Encontraron a Lara intentando ponerse una sandalia al revés.
—¿Ustedes también ven doble o soy yo nomás? —dijo ella, apuntando a sus propios pies.
—Vamos a llevarte a casa —anunció Liam, mientras se apoyaba en Fabián para no besar el suelo.
—¡Eso! Somos caballeros. Dos de los buenos. De los que... escoltan damas —añadió Fabián, abriendo un paraguas roto como si fuera una espada de escolta.
—No vivo lejos —dijo Lara, avanzando tres pasos antes de quedarse mirando una planta como si le hablara.

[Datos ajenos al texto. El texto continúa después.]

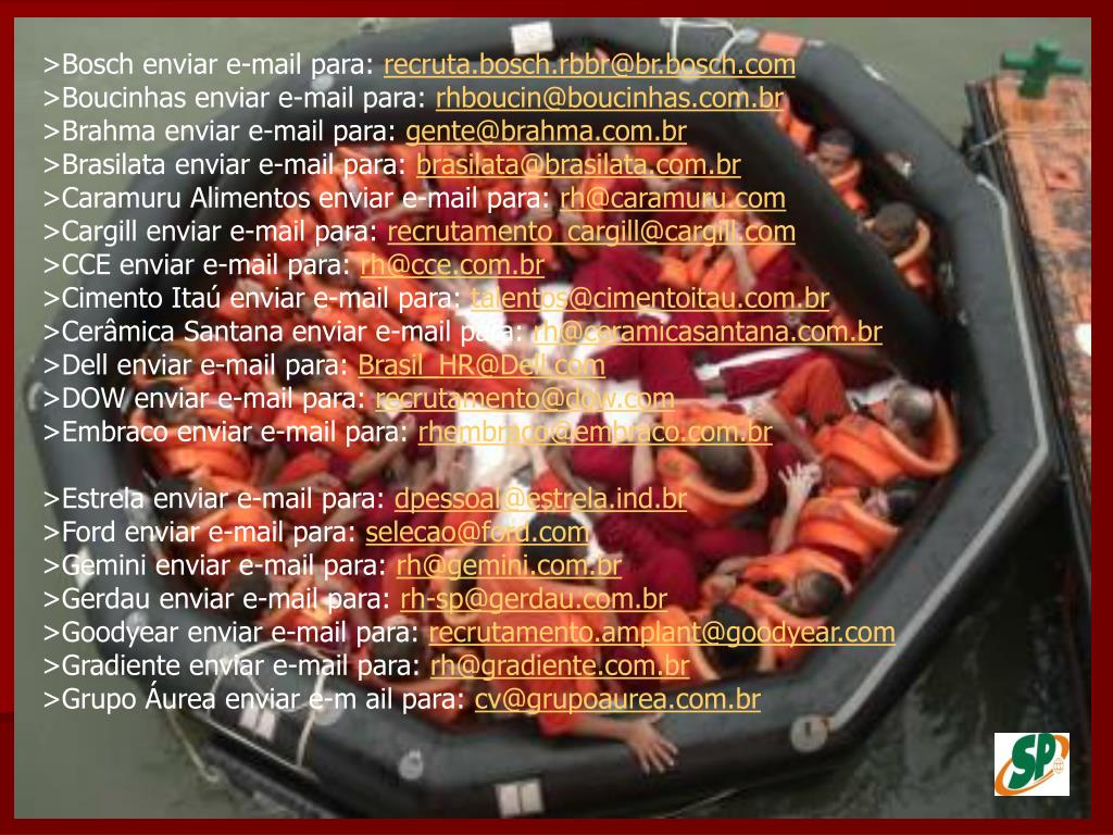 >Bosch enviar e-mail para: recruta.bosch.rbbr@br.bosch.com>Boucinhas enviar e-mail para: rhboucin@boucinhas.com.br>Brahma enviar e-mail para: gente@brahma.com.br>Brasilata enviar e-mail para: brasilata@brasilata.com.br>Caramuru Alimentos enviar e-mail para: rh@caramuru.com>Cargill enviar e-mail para: recrutamento_cargill@cargill.com>CCE enviar e-mail para: rh@cce.com.br>Cimento Itaú enviar e-mail para: talentos@cimentoitau.com.br>Cerâmica Santana enviar e-mail para: rh@ceramicasantana.com.br>Dell enviar e-mail para: Brasil_HR@Dell.com>DOW enviar e-mail para: recrutamento@dow.com>Embraco enviar e-mail para: rhembraco@embraco.com.br>Estrela enviar e-mail para: dpessoal@estrela.ind.br>Ford enviar e-mail para: selecao@ford.com>Gemini enviar e-mail para: rh@gemini.com.br>Gerdau enviar e-mail para: rh-sp@gerdau.com.br>Goodyear enviar e-mail para: recrutamento.amplant@goodyear.com>Gradiente enviar e-mail para: rh@gradiente.com.br>Grupo Áurea enviar e-m ail para: cv@grupoaurea.com.br

—Confirmado. Está grave —diagnosticó Fabián.
—¡A su cuarto! —ordenó Liam, como si dirigiera una misión de rescate.
Tardaron una eternidad en cruzar el pasillo, tropezando entre sí y saludando puertas como si fueran personas. Cuando finalmente Lara abrió la suya, se desplomó sobre la cama sin siquiera sacarse los zapatos.
Liam y Fabián la siguieron sin dudar, con ese tipo de reflejos que solo el alcohol puede explicar. Uno cayó sobre una alfombra. El otro sobre una campera. La puerta quedó abierta de par en par. El mundo giraba, pero ya no importaba.
—¿Esto es… mi casa? —murmuró Fabián antes de cerrar los ojos.
—Ssh… no hagas preguntas filosóficas —dijo Liam, abrazando una almohada que resultó ser una bolsa con ropa sucia.
Pasaron la noche desparramado en el cuarto de Lara, más fuera que dentro del mundo, con el eco lejano de la fiesta aún rebotando en sus cabezas.